Following up on ideas mentioned in the previous post, we continued to experiment with Language Workbench technology for data analysis.
Our third prototype is MetaR, a simple language for biological data analysis. As a first goal for this language, I wanted to make it simpler to create heatmaps from tables of read counts. This is one of the top requests we get from people who use GobyWeb to call differentially expressed genes in RNA-Seq. Can GobyWeb generate heatmaps? My answer had been that there are many tools to do this, and since we don’t like to reinvent the wheel, I would just provide pointers to R/Bioconductor packages (such as pheatmap) or applications such as GENE-E, or the more recent HeatMapViewer web-based viewer.
However, I had a couple of heatmaps to produce for projects recently, and using R/Bioconductor quickly became tedious, not to mention error prone when projects had tens of samples and I needed to track how each of these samples mapped to a number of analysis covariates. I am not a fan of user interfaces for data analysis, because I tend to redo analyses often when new data is added to a project, and rebuilding visualizations for each update takes as much time as building the first plot. This is not the case with scripts, because once they are developed, you just need to execute them again after updating the data to produce the new figures. For these reasons, I wanted a better way to build heatmaps, that would be faster than writing R code, but still retain the write once, run many times advantage of analysis scripts.

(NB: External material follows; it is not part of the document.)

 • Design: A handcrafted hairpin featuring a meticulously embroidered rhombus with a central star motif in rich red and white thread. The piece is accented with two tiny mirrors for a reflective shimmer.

Knowing a few things about MPS, and reusing a few languages we have been building, such as TextOutput to simplify generation of R code, or XChart representations of TSV files, I was able to quickly put together a prototype that allowed me to generate R code using a few high level abstractions (e.g., Tables, Column groups and Column group usage, Analysis script). The language quickly became very useful. Manuele joined the development and added support for table previews in the editor, typed columns and contributed many fixes and polishing. After some brainstorming, we decided to call the language MetaR (it brings meta programming to the R language). MetaR analyses can be put under version control, offer auto-completion, are much shorter and simpler than equivalent R scripts (mostly because a lot of configuration that R programmers need to write can be generated automatically, using a few conventions and taking advantage of the structured Table and Column Group concepts). These ideas are simple, but work remarkably well to simplify the production of heatmaps and other visualizations. In practice, we find that MetaR analyses scripts are 5-10 times shorter than the R scripts that they generate.

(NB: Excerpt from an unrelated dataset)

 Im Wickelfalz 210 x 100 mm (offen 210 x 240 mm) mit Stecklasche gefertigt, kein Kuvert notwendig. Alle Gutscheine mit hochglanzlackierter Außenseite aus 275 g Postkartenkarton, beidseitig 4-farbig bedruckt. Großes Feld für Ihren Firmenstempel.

At some point, I started using MetaR to put together figures with multiple panels for a manuscript. To do this, I extended the language with a multi-plot statement. This statement helps arrange plots produced by other statements into a matrix of n rows and m columns. You can organize the order of the plots in the matrix by entering references to these plots, and after you run the script, you can get a preview of the resulting multi-plot. This is much more intuitive to use than the lower-level layout feature of R that this statement generates.

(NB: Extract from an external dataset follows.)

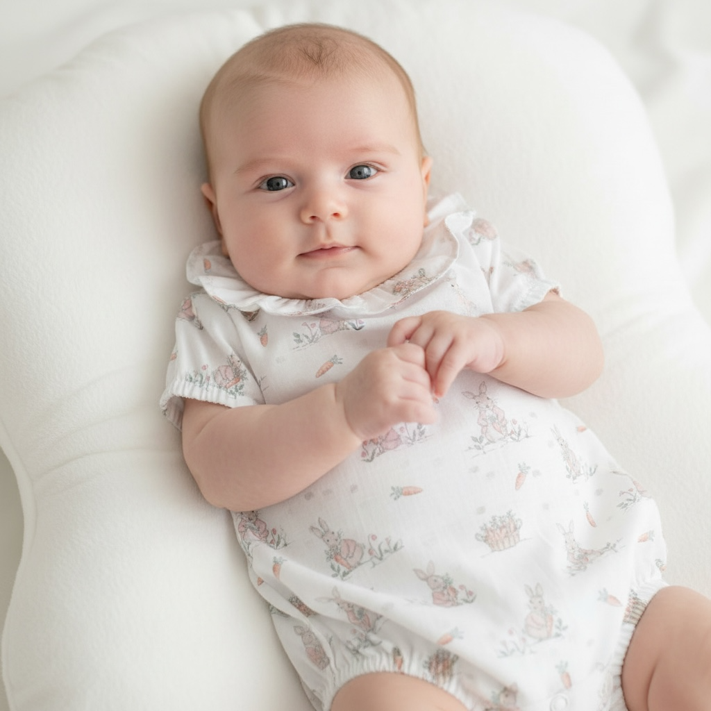 Pelele unisex en plumeti, ligero y muy suave para los días de primavera y verano.

You can see the language in action in the following video (the second part of this tutorial is available here):
Notice how the edgeR language is added to the environment at runtime. This capability is possible because metaR supports seamless language composition (a key feature of the MPS Language Workbench). Many micro-languages can be developed to extend MetaR. For instance, you could create your own language to add one or more types of statements to MetaR. The statements you define would become available in the analyses where you import your language extension, and would be able to generate R code to produce an executable R script.